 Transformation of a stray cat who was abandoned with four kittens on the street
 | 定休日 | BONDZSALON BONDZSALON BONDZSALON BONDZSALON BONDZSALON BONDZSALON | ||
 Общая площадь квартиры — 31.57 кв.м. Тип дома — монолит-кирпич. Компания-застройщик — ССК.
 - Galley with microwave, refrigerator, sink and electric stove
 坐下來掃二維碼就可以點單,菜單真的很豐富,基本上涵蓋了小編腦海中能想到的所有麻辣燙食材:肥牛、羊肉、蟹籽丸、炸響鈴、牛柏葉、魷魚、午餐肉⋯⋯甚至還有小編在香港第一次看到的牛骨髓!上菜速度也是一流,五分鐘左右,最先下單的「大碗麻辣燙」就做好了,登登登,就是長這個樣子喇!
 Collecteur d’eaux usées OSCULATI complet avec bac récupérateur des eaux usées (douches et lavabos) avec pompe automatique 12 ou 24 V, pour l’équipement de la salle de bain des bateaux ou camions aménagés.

——

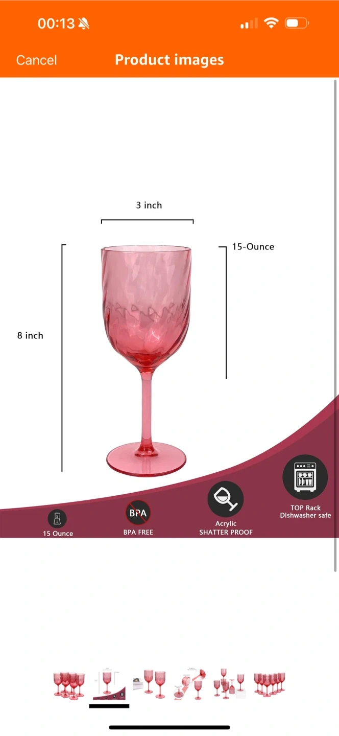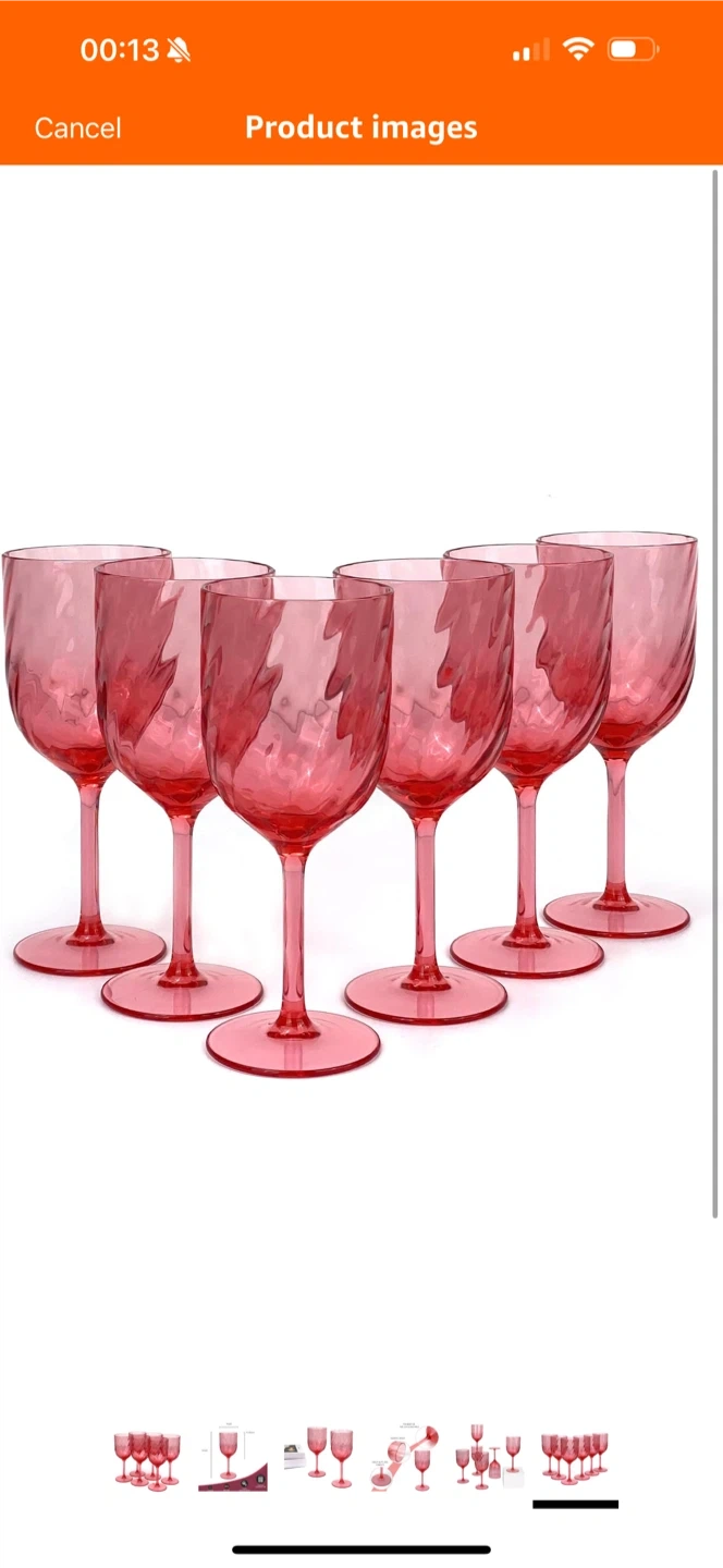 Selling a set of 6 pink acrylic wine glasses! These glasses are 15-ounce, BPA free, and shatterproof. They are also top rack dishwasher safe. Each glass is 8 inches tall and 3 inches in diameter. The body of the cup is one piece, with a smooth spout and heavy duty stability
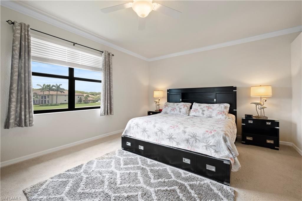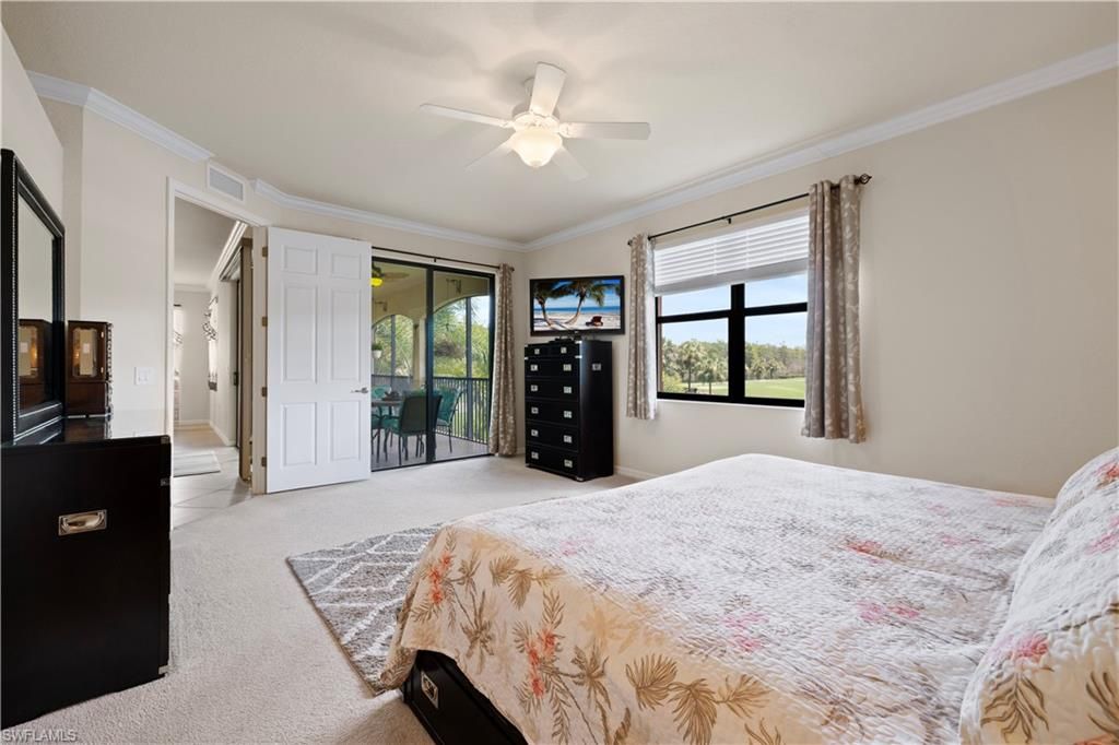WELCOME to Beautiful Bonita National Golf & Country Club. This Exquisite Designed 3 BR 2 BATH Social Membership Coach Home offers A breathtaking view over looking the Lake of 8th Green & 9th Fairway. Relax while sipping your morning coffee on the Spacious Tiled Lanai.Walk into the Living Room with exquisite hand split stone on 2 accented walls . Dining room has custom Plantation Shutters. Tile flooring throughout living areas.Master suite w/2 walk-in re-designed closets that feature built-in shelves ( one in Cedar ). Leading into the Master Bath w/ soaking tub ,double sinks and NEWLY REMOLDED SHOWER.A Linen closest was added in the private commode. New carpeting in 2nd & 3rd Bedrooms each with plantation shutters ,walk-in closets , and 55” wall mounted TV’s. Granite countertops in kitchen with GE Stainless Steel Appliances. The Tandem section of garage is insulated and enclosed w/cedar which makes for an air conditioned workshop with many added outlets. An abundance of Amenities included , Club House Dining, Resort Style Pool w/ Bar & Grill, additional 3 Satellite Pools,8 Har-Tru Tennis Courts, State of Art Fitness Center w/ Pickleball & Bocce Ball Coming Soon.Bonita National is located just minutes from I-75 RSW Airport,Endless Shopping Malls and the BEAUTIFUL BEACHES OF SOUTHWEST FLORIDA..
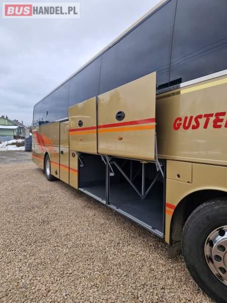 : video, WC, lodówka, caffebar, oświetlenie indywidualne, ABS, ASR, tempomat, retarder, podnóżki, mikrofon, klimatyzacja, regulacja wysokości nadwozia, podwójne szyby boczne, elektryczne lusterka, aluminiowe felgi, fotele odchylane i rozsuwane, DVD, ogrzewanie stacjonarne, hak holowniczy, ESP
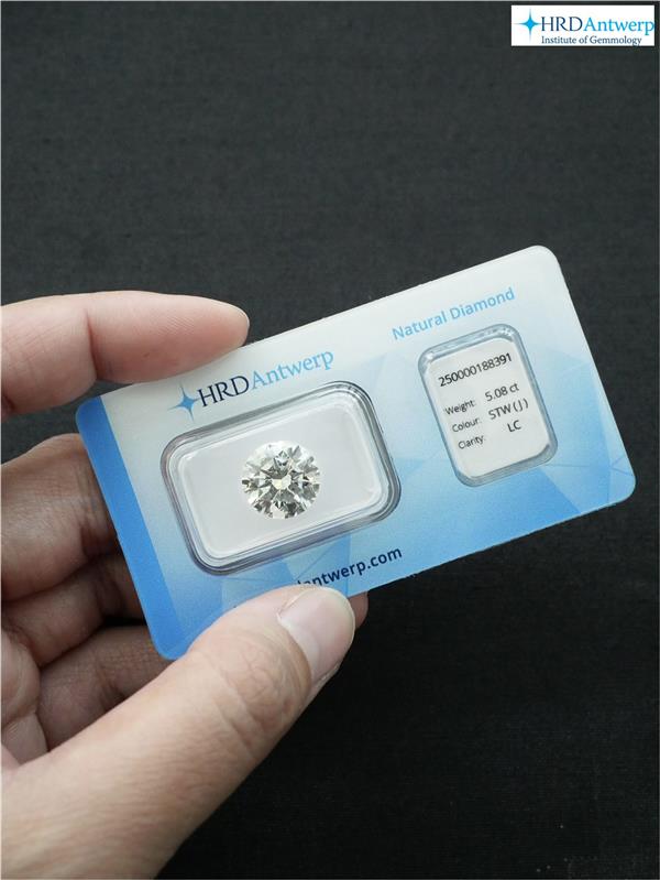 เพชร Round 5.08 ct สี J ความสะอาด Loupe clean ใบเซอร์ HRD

——

What the task asks: Everything in the material above from the line that has "Transformation of a" through the line that has "Collecteur d’eaux usées" must be duplicated exactly, with no other lines given.

Answer section:
 Transformation of a stray cat who was abandoned with four kittens on the street
 | 定休日 | BONDZSALON BONDZSALON BONDZSALON BONDZSALON BONDZSALON BONDZSALON | ||
 Общая площадь квартиры — 31.57 кв.м. Тип дома — монолит-кирпич. Компания-застройщик — ССК.
 - Galley with microwave, refrigerator, sink and electric stove
 坐下來掃二維碼就可以點單,菜單真的很豐富,基本上涵蓋了小編腦海中能想到的所有麻辣燙食材:肥牛、羊肉、蟹籽丸、炸響鈴、牛柏葉、魷魚、午餐肉⋯⋯甚至還有小編在香港第一次看到的牛骨髓!上菜速度也是一流,五分鐘左右,最先下單的「大碗麻辣燙」就做好了,登登登,就是長這個樣子喇!
 Collecteur d’eaux usées OSCULATI complet avec bac récupérateur des eaux usées (douches et lavabos) avec pompe automatique 12 ou 24 V, pour l’équipement de la salle de bain des bateaux ou camions aménagés.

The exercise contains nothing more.